--- Supplied data ---

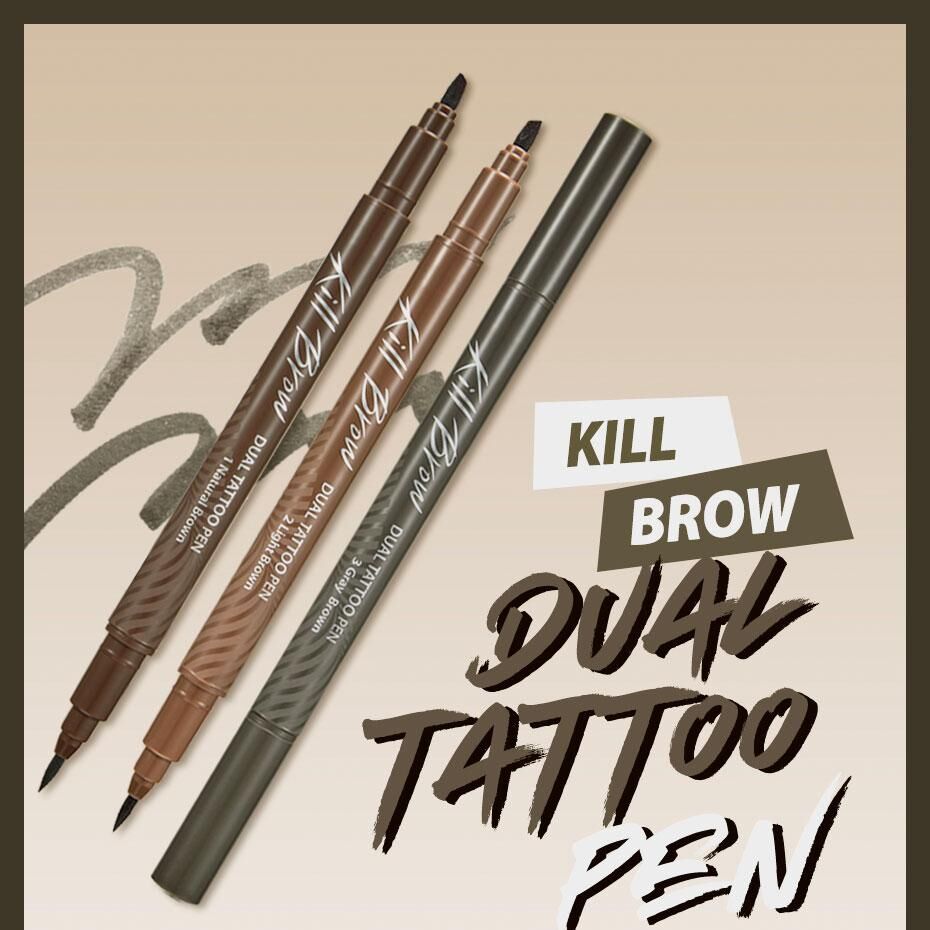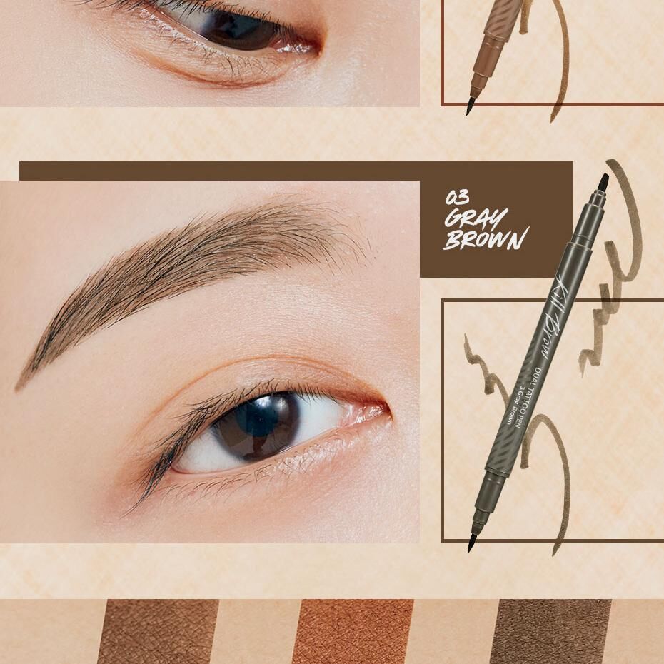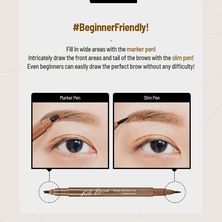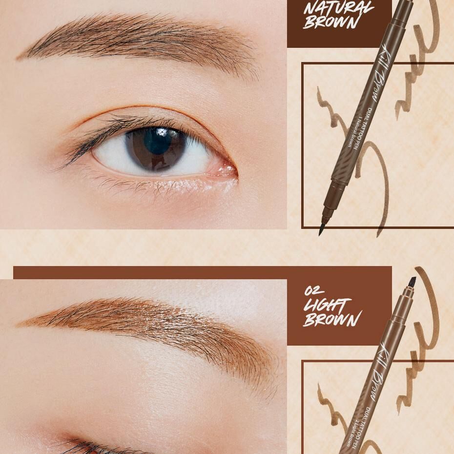 🖊️ 雙頭機能設計: 一頭是紋眉液體筆,另一頭是修正液擦拭筆,畫錯也能秒救。
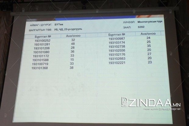 Манай сурвалжлах бага БСШУЯ-ны харьяа лаборатори 23 дугаар сургууль дээр очиж сурвалжиллаа. Тус сургууль дээр 100 гаруй хүүхэд Монголын түүхийн хичээлээр шалгалтаа өгчээ. Элсэгчдийн шалгалтын материалыг битүүмжилж, тусгай бэлдсэн өрөөнд шилэн технологи ашиглан шалгалтын дүнг шууд уншуулан гаргалаа.
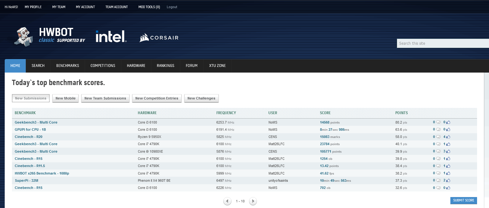 Sobre os resultados no HWBOT, os 702cb no Cinebench R15 foram bons para pegar o 2.º lugar na categoria do i3 6100, enquanto o Geekbench 3 ficou em 4.º lugar e por fim, o GPUPI 1B 3.2 ficou na sétima posição.

--- Requirement ---
Only the pictures are to be left out; all other material is to be output exactly.

--- Result for this exercise ---
 🖊️ 雙頭機能設計: 一頭是紋眉液體筆,另一頭是修正液擦拭筆,畫錯也能秒救。
 Манай сурвалжлах бага БСШУЯ-ны харьяа лаборатори 23 дугаар сургууль дээр очиж сурвалжиллаа. Тус сургууль дээр 100 гаруй хүүхэд Монголын түүхийн хичээлээр шалгалтаа өгчээ. Элсэгчдийн шалгалтын материалыг битүүмжилж, тусгай бэлдсэн өрөөнд шилэн технологи ашиглан шалгалтын дүнг шууд уншуулан гаргалаа.
 Sobre os resultados no HWBOT, os 702cb no Cinebench R15 foram bons para pegar o 2.º lugar na categoria do i3 6100, enquanto o Geekbench 3 ficou em 4.º lugar e por fim, o GPUPI 1B 3.2 ficou na sétima posição.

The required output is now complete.